— И остались в одиночестве.
— В одиночестве? Что вы этим хотите сказать? Может, и в самом деле мы остались одни. Разве это не возвышенно — бороться в сложных условиях, одному против превосходящих сил противника, в одиночку, вдвоем со своей правдой, со своей обжигающей правдой, которая гонит тебя вперед? Ведь это разница: быть одному, забившись в угол, и быть одному, но во главе движения, быть одному во имя идеи, во имя будущего?
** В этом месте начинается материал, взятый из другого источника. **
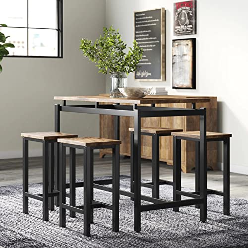 Dining Table Set for 4, 5 Pieces Bar Table Set Modern Kitchen Table and Chairs Industrial Height Pub Table with 4 Chairs, Dining Room Table and Chairs for Small Space, Breakfast Nook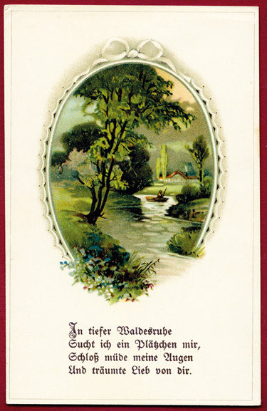 05.05.17, Kurume: farbige Bildkarte der "treuen Frieda" (Bächlein im Wald) im Umschlag ins Lager an Walter Lange, ehemals 4.K.III.S.B., violetter Lagerstempel "A".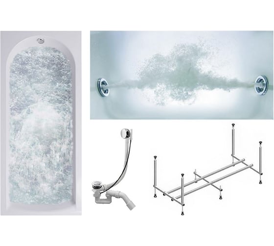 Комплект Акриловая ванна TIMO MIKA1880 1800_800_580+Каркас+Слив-перелив+гидромассаж 6 форсунок MIKA1880-KT18-SPV1505-T-CM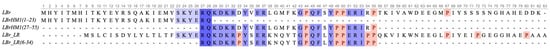 Alignment of lumbricin amino acid sequences. LBrHM1: full-length lumbricin sequence found in the H. medicinalis genome; LBrHM1(1–23)—N-terminal fragment; LBrHM1(27–55)—fragment corresponding to the propeptide form of lumbricin I (6–34) []; LBr-LR—lumbricin previously identified in L. rubellus (UniProt ID O96447); LBr-LR(6–34)—a section from 6 to 34 residues of the mature peptide lumbricin I. The blue colour gradient reflects the percentage of matching residues at each position: the darker the shade, the higher the degree of conservation and matching of amino acids at a given position. Proline residues are highlighted in red.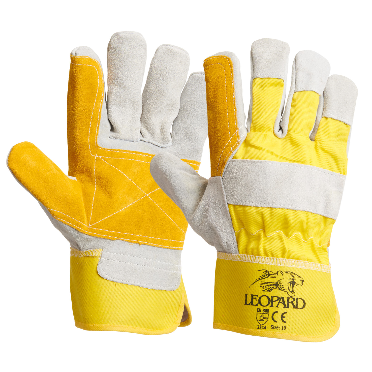The JTS Vaultex Double Palm Leather Gloves are designed for tough industrial applications, offering exceptional durability and protection. Made from grey/yellow cowhide split leather, these rigger gloves feature reinforced palms, thumbs, and index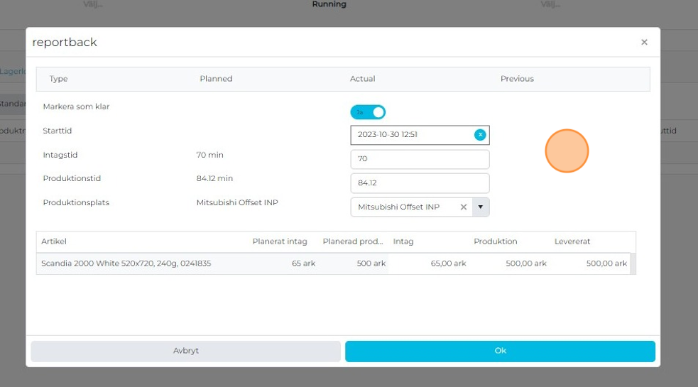 The dialog shows the planned scope, for example: Intake time (e.g., 70 min), Production time (e.g., 84.12 min), and material consumption (e.g., 65 sheets for setup and 500 sheets for production). In the "Delivered" field, enter how many good sheets go to the next operation. If everything is correct, click "OK".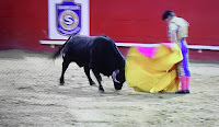 Un pase de pecho sobre la mano derecha en el que el toro en el remate hace amago de irse. Un redondo en el que el toro no se emplea. Sigue el toreo al redondo metido materialmente entre los pitones. Dos excelentes redondos acoplándose perfectamente a la embestida del toro.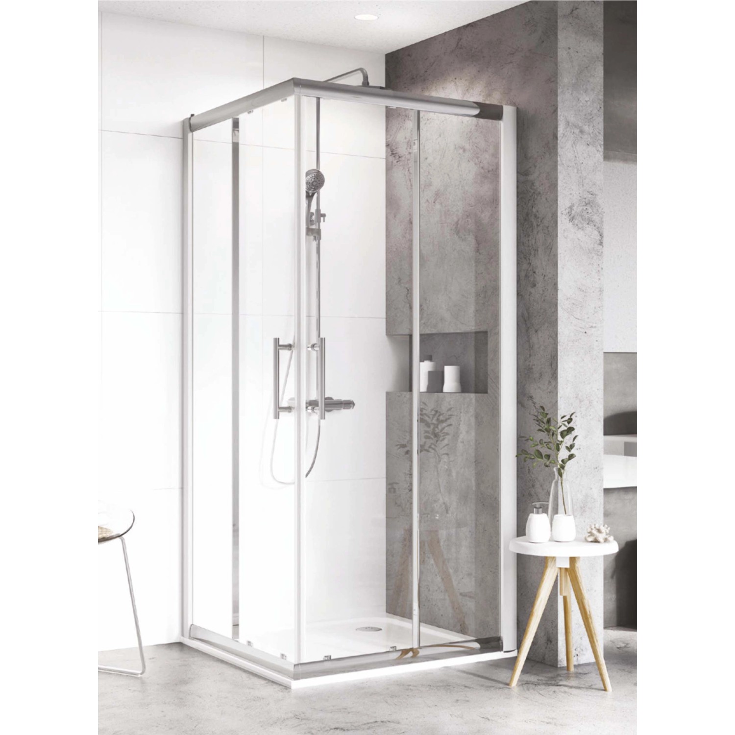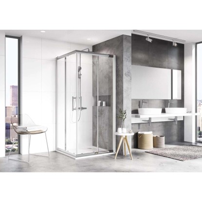 A RAVAK négyrészes, elcsúsztatható, sarokbelépős, krómhatású, transparent edzett biztonsági üveg betétlemezes zuhanykabin.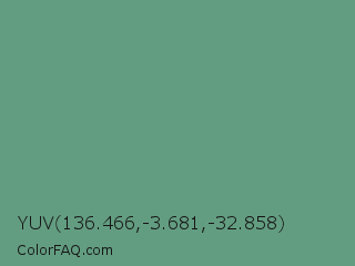 YUV 136.466,-3.681,-32.858 Color is a normal green color and the nearest color is Shiny Shamrock #5fa778. Hex code #639d81 and RGB value is rgb(99,157,129). In RGB color space, this color is composed of 39% red, 62% green, 51% blue, In CMYK color space, this color is composed of 37% cyan, 0% magenta, 18% yellow , 38% black , In HSL color space, this color has a hue angle of 151° , 23% saturation and 50% lightness.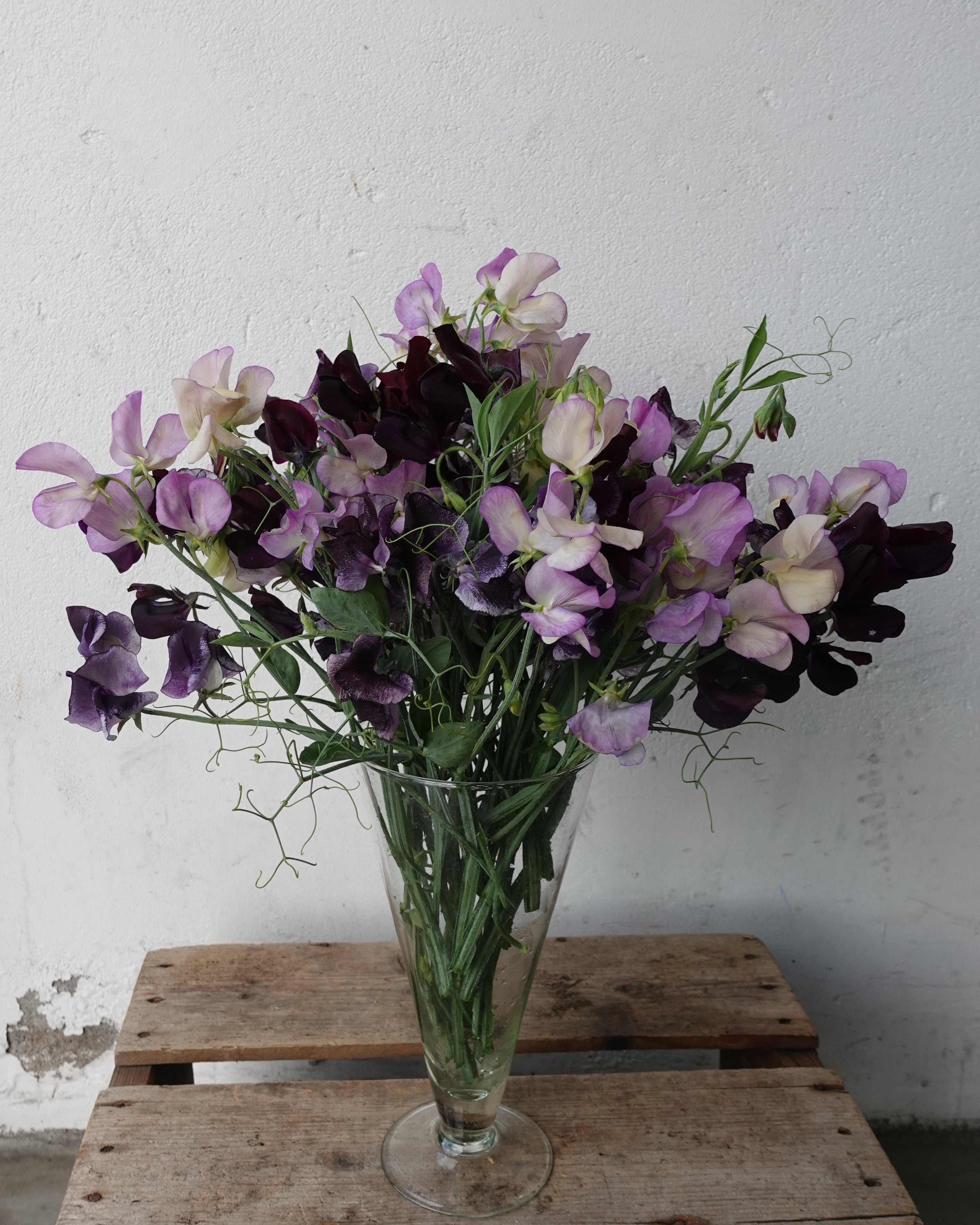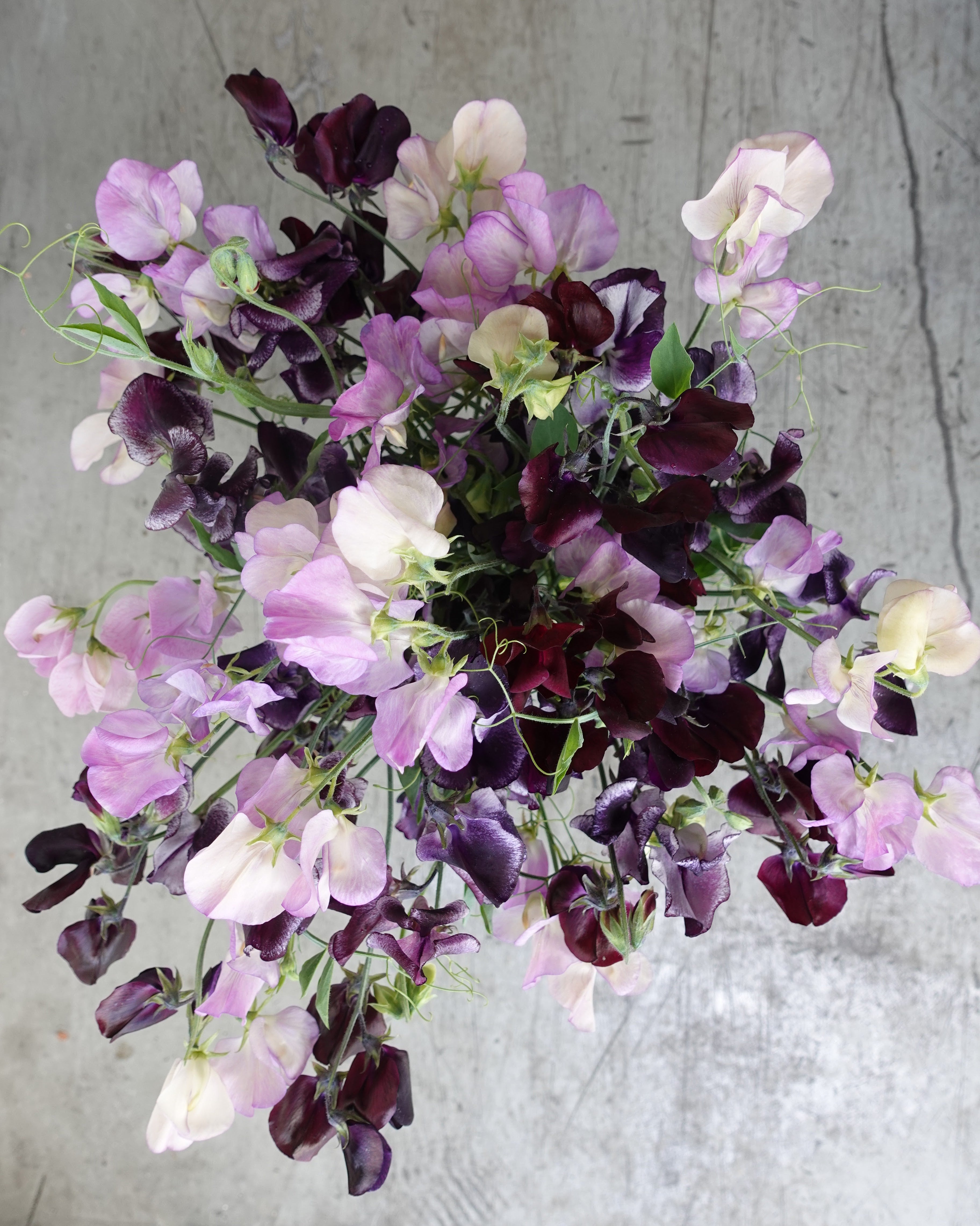 En godt komponert fargemiks gir en livlig vegg av erteblomster som er vakkert avstemt. Foreldrene til denne miksen er Almost Black, Nimus og More Scent, og sammen gir den en stemningsfull og lekkert dempet fargeskala. Erteblomster krysspollinerer i svært liten grad, så miksen vil stort sett fortsatt se ut som foreldrene.

Я знаю, о нас говорили, что мы оторвались от масс. Но почему, как получилось, что мы от них оторвались? Они за нами не поспевали, вот почему. Разве это уж такая большая вина? Поймите, товарищ, я признаю нашей виной только одно: то, что мы оторвались. Но вопрос решает причина, а не только следствие. Какие у нас были побуждения? Грязные, бесчестные, недостойные коммунистов? Вовсе нет! Вот как следовало ставить вопрос. Да, мы ошибались! А теперь разве не ошибаются? А где энтузиазм? Где пылающие сердца коммунистов? Покажите мне, где они? Вот она вина, и вот оно возмездие. Так, что ли?
Он был явно неправ, но заблуждался искренне. Его заблуждение было чисто, не носило характера личной обиды, в нем чувствовались увлеченность, бесстрашие, я сказал бы, это было восторженное заблуждение. Я отчетливо представлял себе, как он боролся, как решал и действовал, пока находился на посту. Человек действия, пылающий факел. Нетерпеливый, нетерпимый и непримиримый, иной раз даже жестокий и односторонний. Все, что не относится к моему символу веры, — от лукавого; кто не согласен с моим символом веры, тот враг.
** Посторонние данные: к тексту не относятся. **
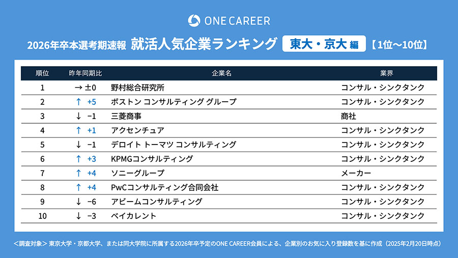 実際、ONE CAREERが実施した「就活人気企業ランキング【東大・京大編】(26卒本選考期速報)順位一覧」を見ても、人気上位10社中8社がコンサルとなっている。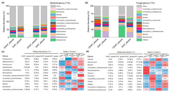 3.3. E. turcicum Changed the Bacterial and Fungal Genera on the Adaxial and Abaxial Surfaces of Both CKWT and EWT Maize Leaves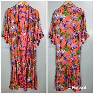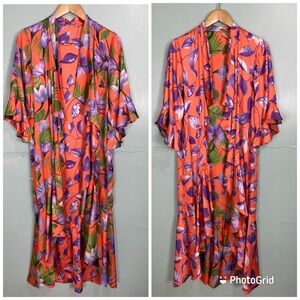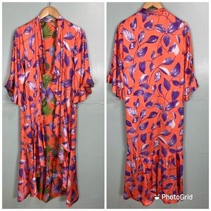 Alice & Olivia Dandi Reversible Leaf Print Floral Kimono Cardigan Sz M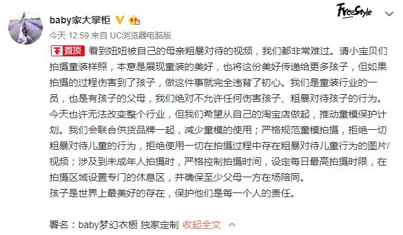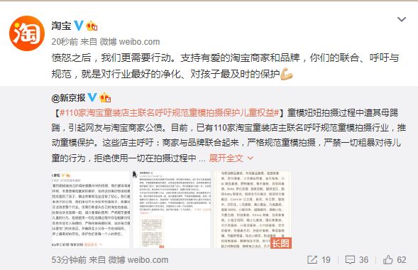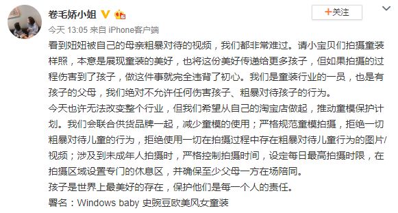 9日下午有些网店店主发表声明,目前已有100多家淘宝童装店主联名呼吁规范童模拍摄行业,推动童模保护。这些店主呼吁:商家与品牌联合起来,严格规范童模拍摄,严禁一切粗暴对待儿童的行为,拒绝使用一切在拍摄过程中存在损害儿童权益行为的图片/视频。

Он словно подслушал мои мысли.
— Конечно, мы их прижимали, кричали на них, стучали по столу кулаком, не верили. Ну и что? Тогда мы были убеждены, что именно так и надо: либо мы их либо они нас. Классовую борьбу нельзя вести в белых перчатках. Они сосали кровь рабочего класса на протяжении столетий, а мы станем хныкать из-за нескольких буржуев! Тьфу! И скажу вам больше: если бы мы в те времена застали кого-нибудь за кражей общественного достояния, мы бы разделались с таким как следует!
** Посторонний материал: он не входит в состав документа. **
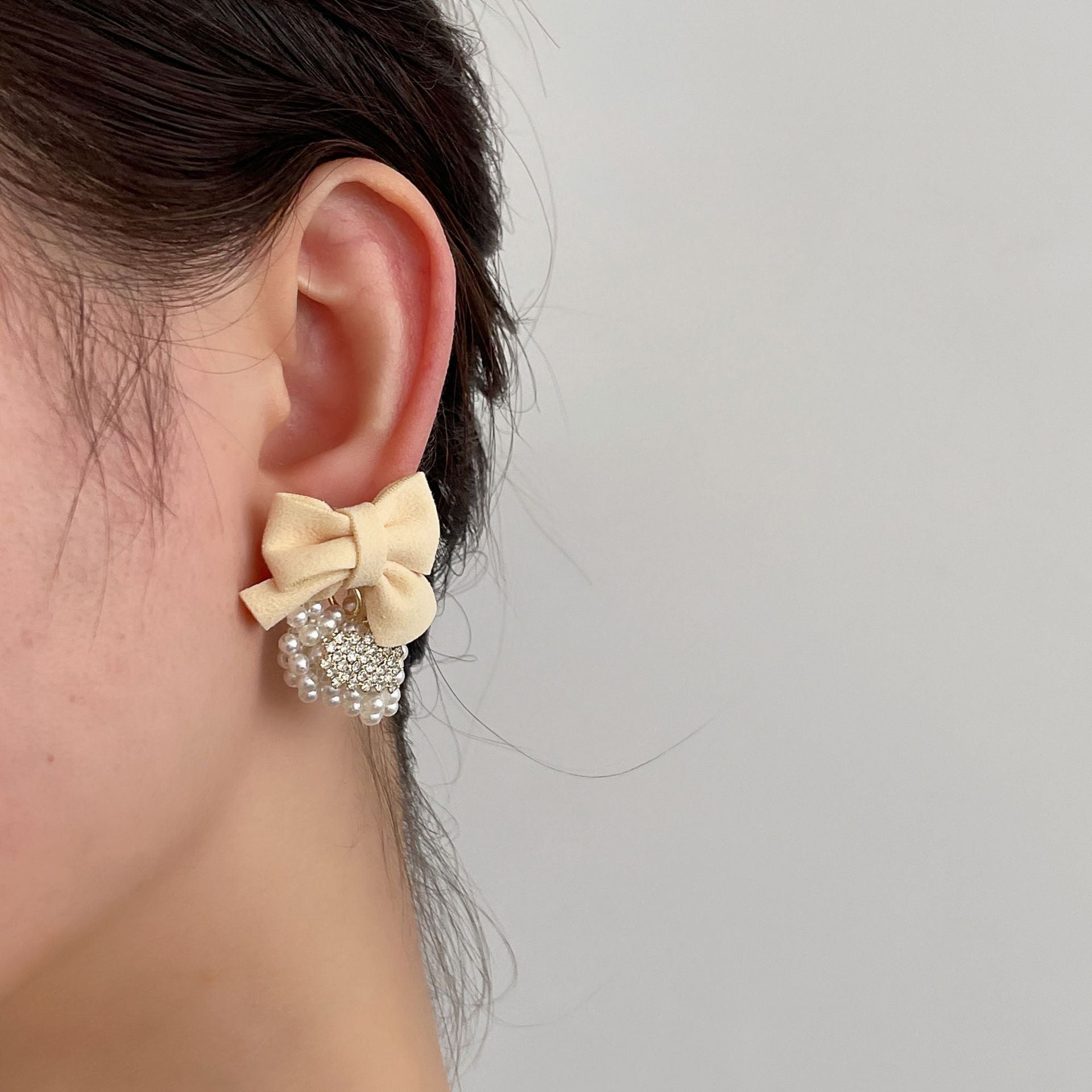 2022 Korean Fashion Chic Imitation Pearl Crystal Heart Statement Drop Earrings For Women Simple Cloth Bow Dangle Earring Jewelry

Он взмахнул рукой и добавил, словно желая подкрепить свои позиции:
— В походе необходима дисциплина.
Он надолго умолк. Погрузившись в невеселые думы, он глядел на свои большие руки, сложенные на коленях, и не видел их. Жена тихонько вздохнула и посмотрела на меня, словно хотела сказать: «Вот какой у меня муж, вот какова жизнь!» Чай остыл — мы совсем забыли о нем. Небо очистилось от туч, луна, уже чуть-чуть ущербная, подплывала к ельнику, обливая его холодным ярким светом, на осинах сверкали крупные капли. Воздух был прозрачен и свеж.
Вдруг учитель поднял голову. Я удивленно посмотрел на него: он улыбался, и улыбка его была такая понимающая, такая добрая.
— А историю-то свою я вам так и не рассказал.
— История известная, — сказал я.
— Известная и… обычная?
— Нет, не обычная. История, возможная лишь в наши дни.
— Да, некто был чем-то, а потом стал ничем.
— И потому обижен.
Улыбка его угасла. Учитель снова насупился, и брови его, густые, нависшие, соединились в одну линию.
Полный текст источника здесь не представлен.